• **What is expected**:
Find the line that contains "Im Spitzboden gibt"; please output it and each line after it, exactly as shown, up to the end of the entries below, skipping pictures.

• **Provided material**:

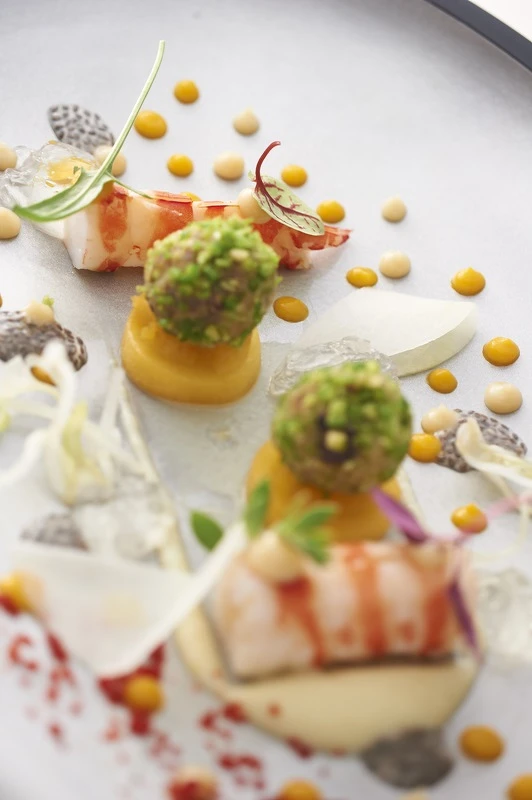 以野生明蝦搭配花枝及特製蔬菜醬的「Lumiere 彩」
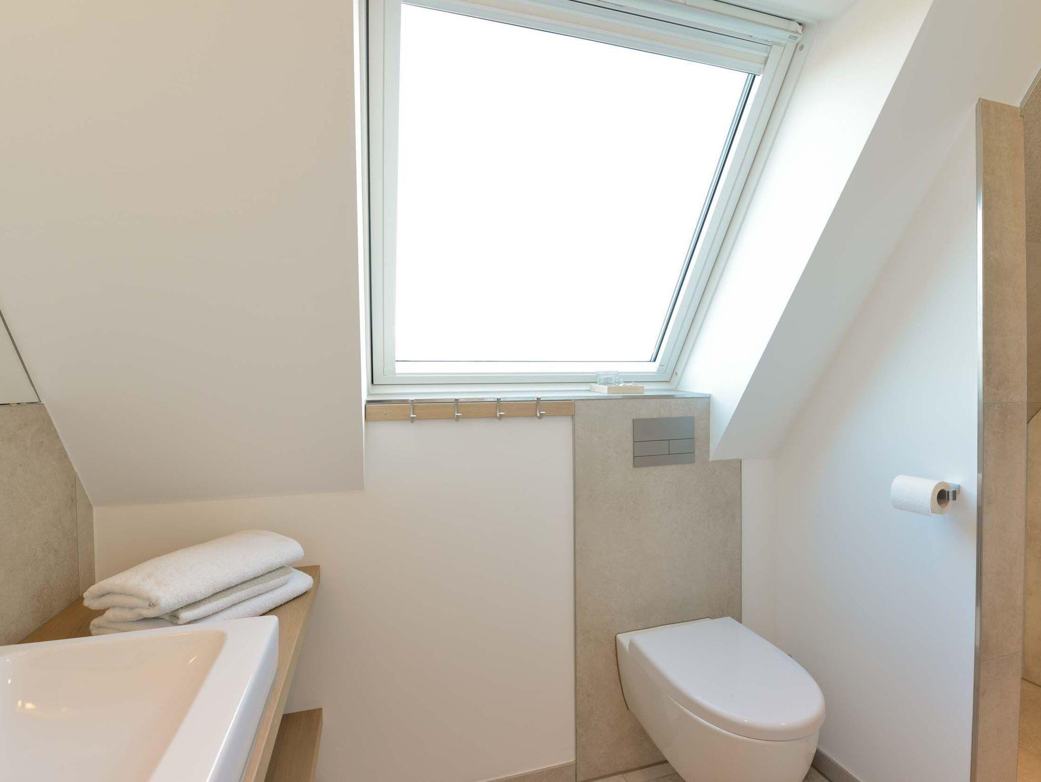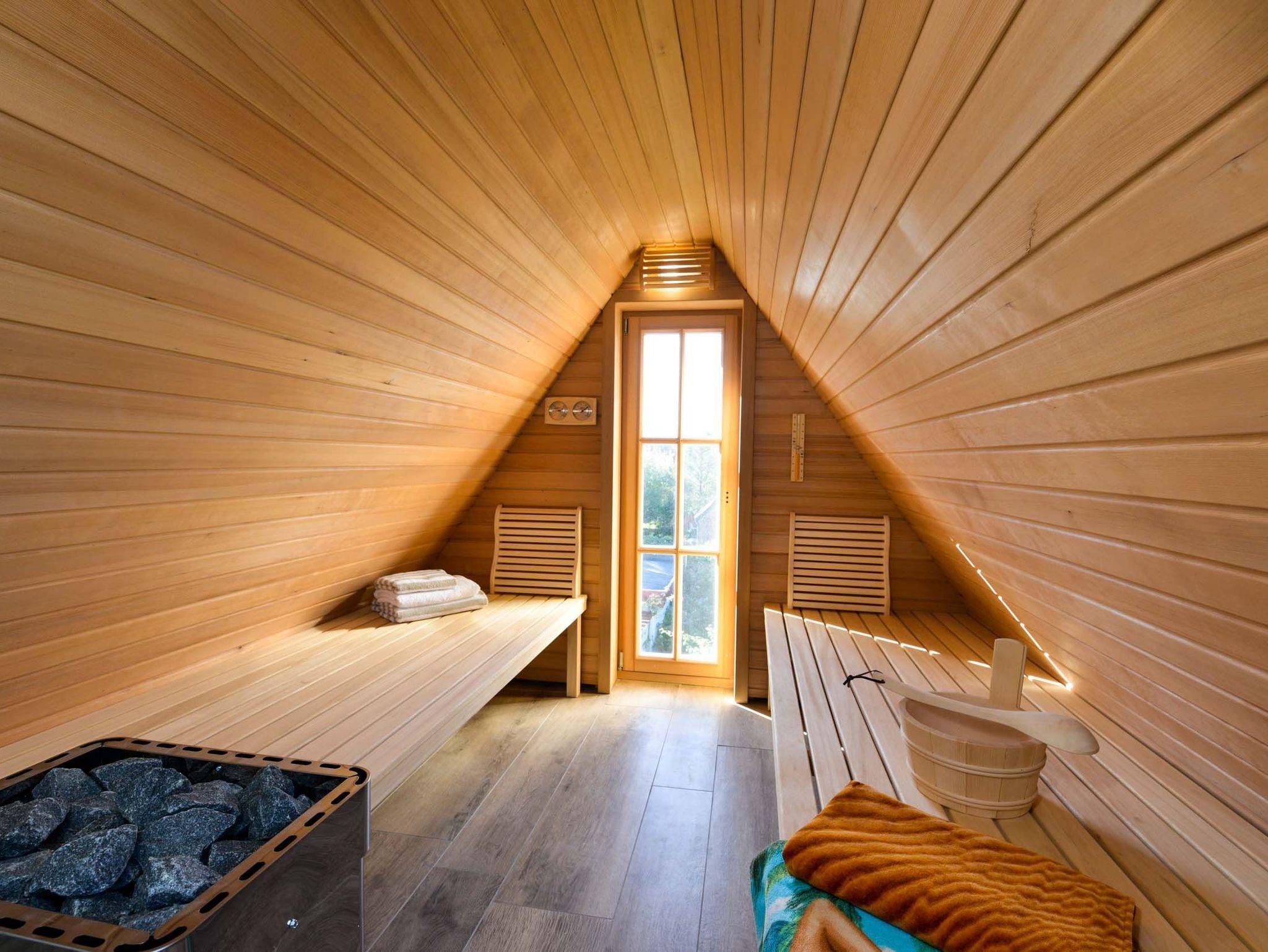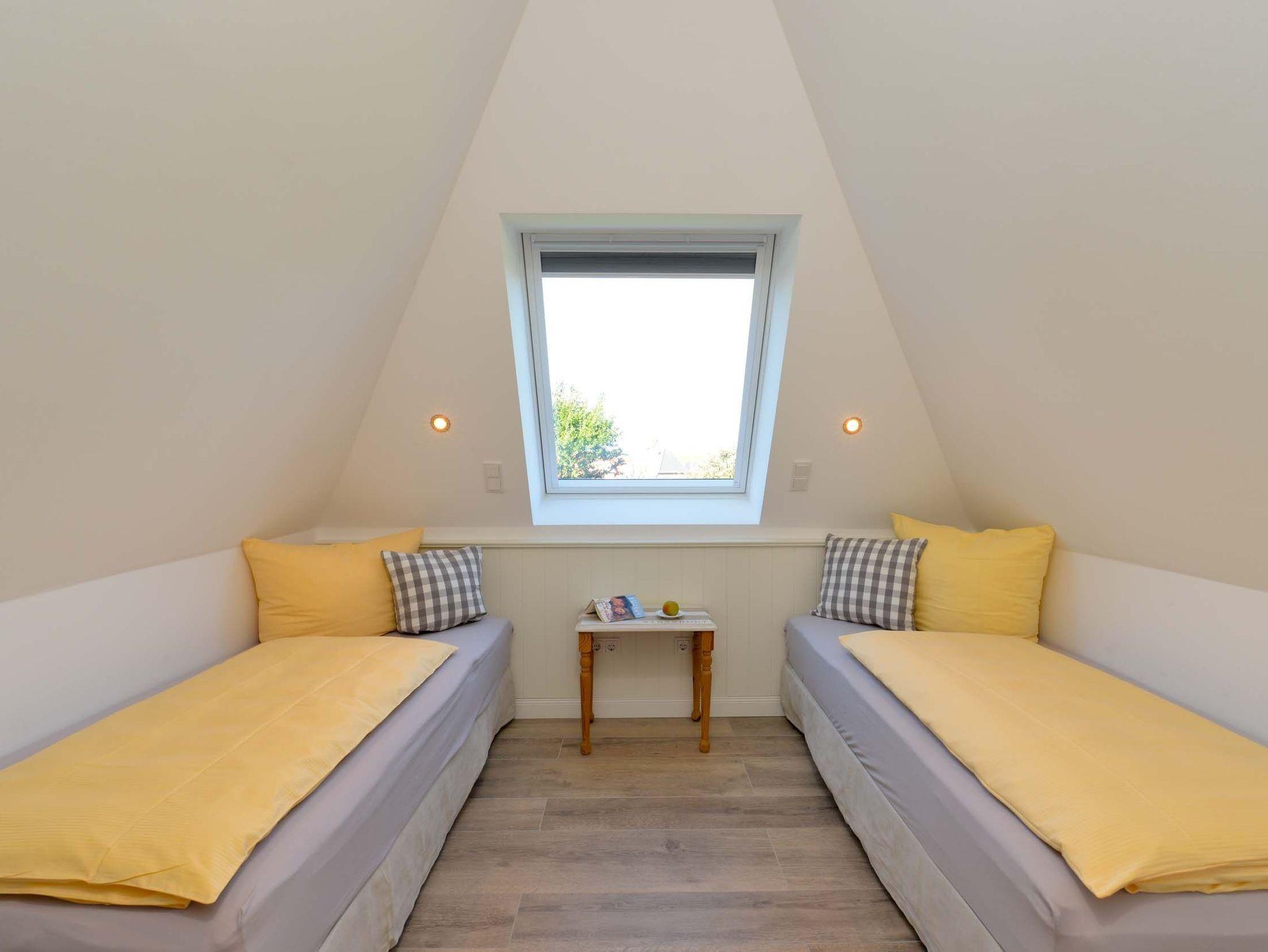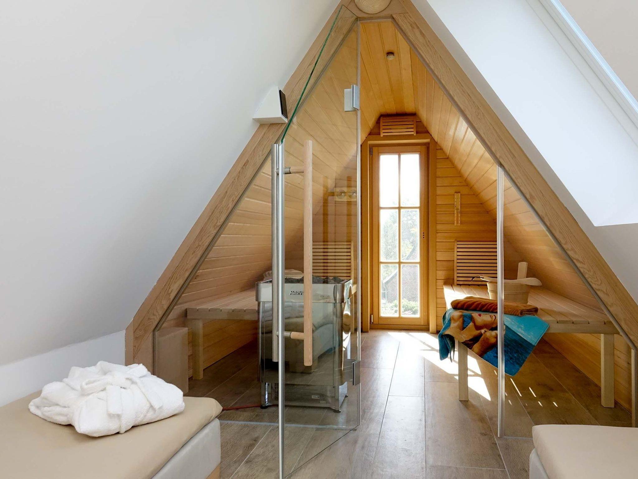 Im Spitzboden gibt es ein weiteres Schlafzimmer mit zwei Einzel-Boxspringbetten, die auf Wunsch zusammengestellt werden können. Auch hier gibt es ein Duschbad sowie eine Sauna.
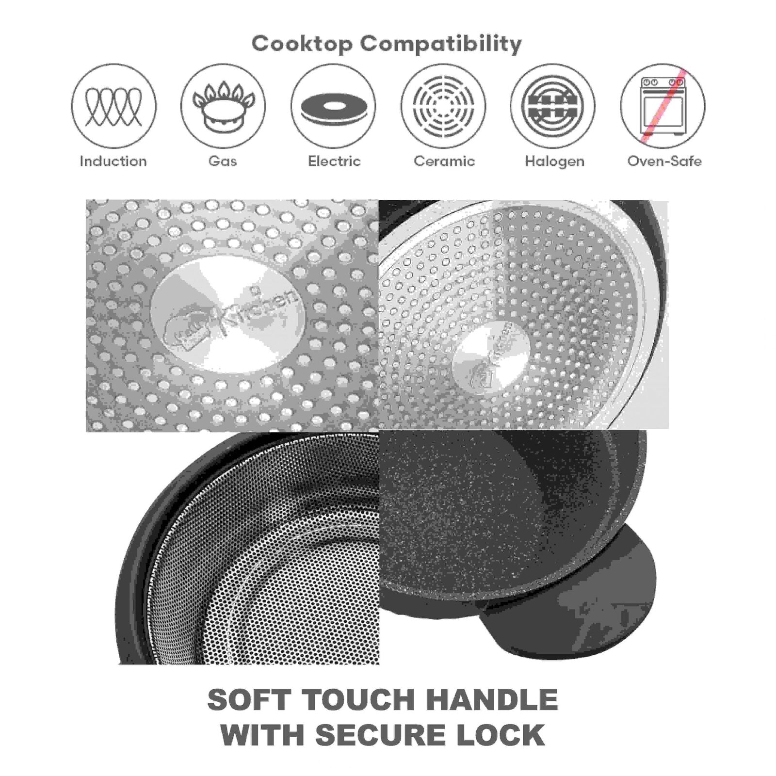 - Utilizes premium non-stick marble stone coating with effortless food release and easy clean up also 100% PTFE and PFOA free. You don't have to put an extra effort in its cleaning.
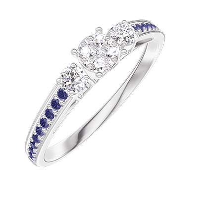 « L'ATELIER » NR. 209036Ring Witgoud 9 karaat - Cluster van natuurlijke diamantent rond gelijkwaardig 0.3 - Aanleunende edelstenen Diamant - Setting Blauwe saffier 4.8
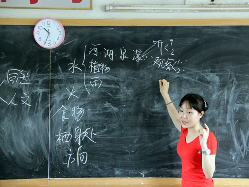 教学生辨别恼人的错别字,08西班牙语的胡路平有自己的一套方法。他在黑板上写含有常错字词的词组,让一个同学来填那个经常写错的字,再让另一个同学来做出判断并改正。课堂氛围十分活跃,大家都在座位上跃跃欲试。而当老师在台上点评的时候,大家也在欢笑中学习到了知识。接下来,数七游戏考验了一把大家的反应能力,也让课堂充满了欢声笑语。
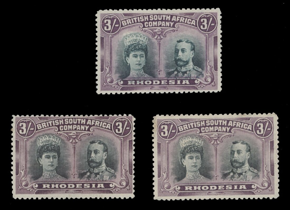 3/- green and violet (two shades, one well centred, trace of soiling in one corner) and deep bluish green and deep purple (ex "Star"), good to fine mint. S.G. 158, RSC "A"
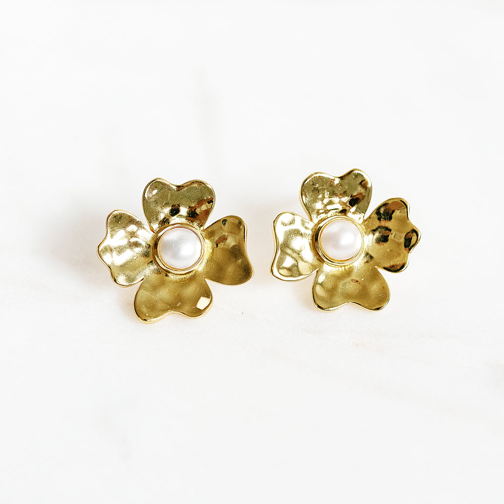 Embrace a touch of nature-inspired elegance with our Hammered Gold Abstract Flower Stud Earrings, each adorned with a lustrous pearl center.
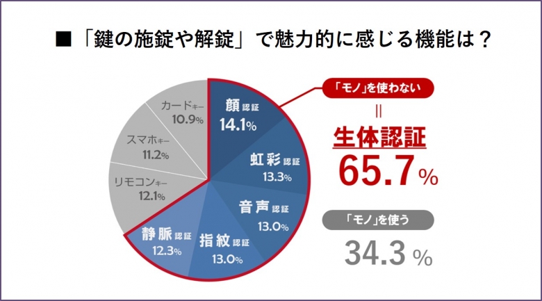 YKK APが行ったアンケート結果では、玄関の施解錠に用いる機能として、この顔認証を含む生体認証(3D認証)に関心を示す人が約66%でした。

• **Answer to this task**:
 Im Spitzboden gibt es ein weiteres Schlafzimmer mit zwei Einzel-Boxspringbetten, die auf Wunsch zusammengestellt werden können. Auch hier gibt es ein Duschbad sowie eine Sauna.
 - Utilizes premium non-stick marble stone coating with effortless food release and easy clean up also 100% PTFE and PFOA free. You don't have to put an extra effort in its cleaning.
 « L'ATELIER » NR. 209036Ring Witgoud 9 karaat - Cluster van natuurlijke diamantent rond gelijkwaardig 0.3 - Aanleunende edelstenen Diamant - Setting Blauwe saffier 4.8
 教学生辨别恼人的错别字,08西班牙语的胡路平有自己的一套方法。他在黑板上写含有常错字词的词组,让一个同学来填那个经常写错的字,再让另一个同学来做出判断并改正。课堂氛围十分活跃,大家都在座位上跃跃欲试。而当老师在台上点评的时候,大家也在欢笑中学习到了知识。接下来,数七游戏考验了一把大家的反应能力,也让课堂充满了欢声笑语。
 3/- green and violet (two shades, one well centred, trace of soiling in one corner) and deep bluish green and deep purple (ex "Star"), good to fine mint. S.G. 158, RSC "A"
 Embrace a touch of nature-inspired elegance with our Hammered Gold Abstract Flower Stud Earrings, each adorned with a lustrous pearl center.
 YKK APが行ったアンケート結果では、玄関の施解錠に用いる機能として、この顔認証を含む生体認証(3D認証)に関心を示す人が約66%でした。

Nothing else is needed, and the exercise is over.